------ Material supplied ------

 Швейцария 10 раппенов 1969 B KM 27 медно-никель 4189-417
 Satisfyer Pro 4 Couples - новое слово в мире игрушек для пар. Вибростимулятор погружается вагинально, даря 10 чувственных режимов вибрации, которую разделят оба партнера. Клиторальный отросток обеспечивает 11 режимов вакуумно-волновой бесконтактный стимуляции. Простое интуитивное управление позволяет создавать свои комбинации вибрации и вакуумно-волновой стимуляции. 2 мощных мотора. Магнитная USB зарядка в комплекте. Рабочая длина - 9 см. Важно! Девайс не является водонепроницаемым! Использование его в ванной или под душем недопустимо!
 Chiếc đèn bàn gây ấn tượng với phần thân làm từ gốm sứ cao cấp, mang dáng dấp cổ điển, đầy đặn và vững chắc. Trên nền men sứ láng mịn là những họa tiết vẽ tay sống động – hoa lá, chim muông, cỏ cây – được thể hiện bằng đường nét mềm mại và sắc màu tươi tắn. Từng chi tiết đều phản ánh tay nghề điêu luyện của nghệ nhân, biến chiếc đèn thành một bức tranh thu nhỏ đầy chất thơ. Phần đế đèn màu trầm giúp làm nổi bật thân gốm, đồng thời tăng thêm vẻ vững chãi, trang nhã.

------
------ Material supplied ------

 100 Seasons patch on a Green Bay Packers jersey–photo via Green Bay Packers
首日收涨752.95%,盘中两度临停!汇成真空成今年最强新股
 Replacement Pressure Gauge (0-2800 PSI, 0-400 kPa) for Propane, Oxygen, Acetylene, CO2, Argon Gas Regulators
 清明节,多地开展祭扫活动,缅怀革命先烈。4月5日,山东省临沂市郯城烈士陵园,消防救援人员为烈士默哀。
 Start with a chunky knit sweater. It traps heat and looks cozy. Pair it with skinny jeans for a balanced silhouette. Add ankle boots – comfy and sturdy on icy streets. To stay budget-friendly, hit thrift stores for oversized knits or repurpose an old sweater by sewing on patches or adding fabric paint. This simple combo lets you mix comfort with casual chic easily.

------
------ Material supplied ------

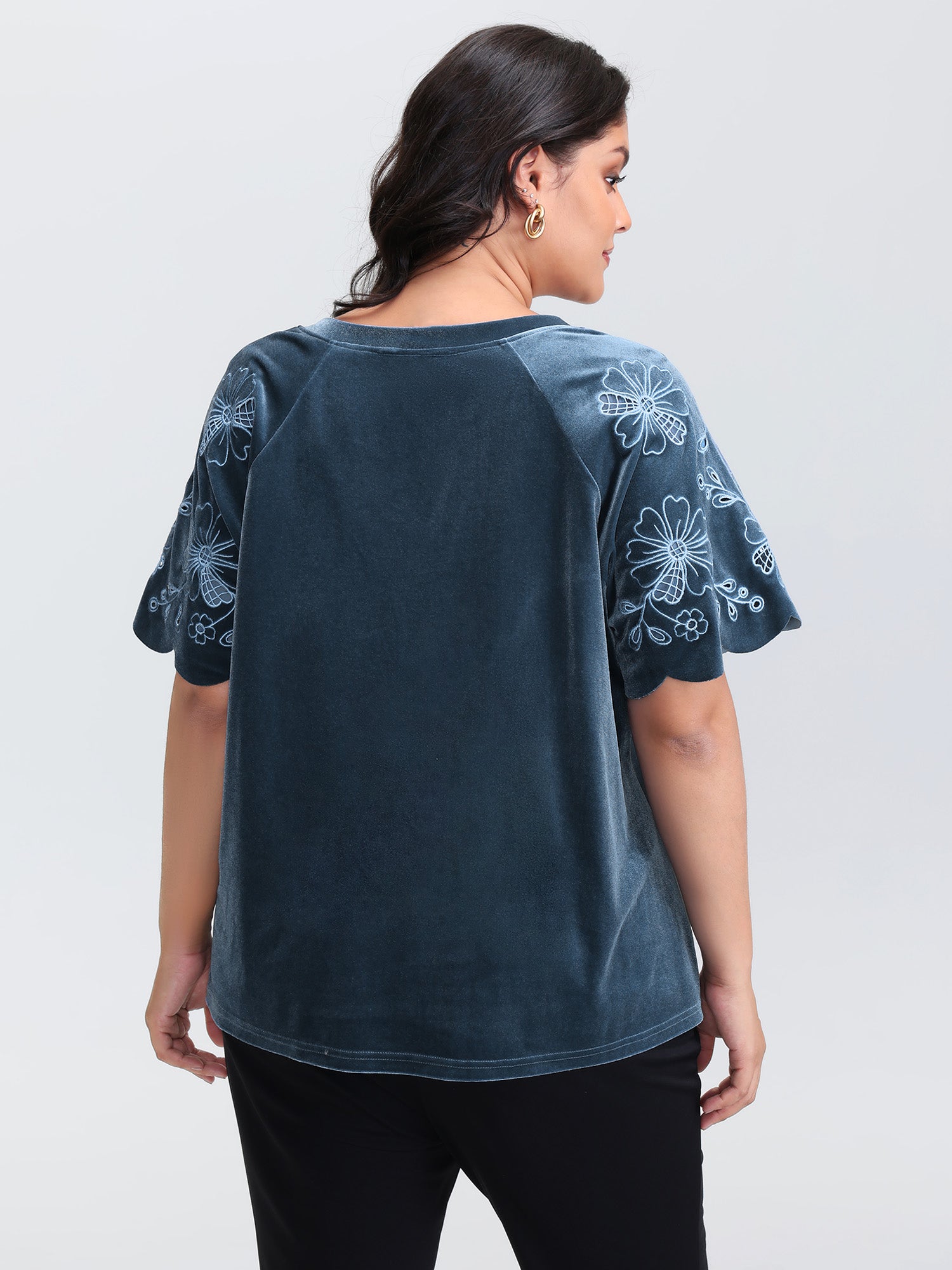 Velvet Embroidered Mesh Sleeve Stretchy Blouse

------

§ What the task requires: Looking at the entries above, can you reproduce exactly the lines from the one that holds "100 Seasons patch" through the one that holds "Start with a", and only those?

§ Finished task:
 100 Seasons patch on a Green Bay Packers jersey–photo via Green Bay Packers
首日收涨752.95%,盘中两度临停!汇成真空成今年最强新股
 Replacement Pressure Gauge (0-2800 PSI, 0-400 kPa) for Propane, Oxygen, Acetylene, CO2, Argon Gas Regulators
 清明节,多地开展祭扫活动,缅怀革命先烈。4月5日,山东省临沂市郯城烈士陵园,消防救援人员为烈士默哀。
 Start with a chunky knit sweater. It traps heat and looks cozy. Pair it with skinny jeans for a balanced silhouette. Add ankle boots – comfy and sturdy on icy streets. To stay budget-friendly, hit thrift stores for oversized knits or repurpose an old sweater by sewing on patches or adding fabric paint. This simple combo lets you mix comfort with casual chic easily.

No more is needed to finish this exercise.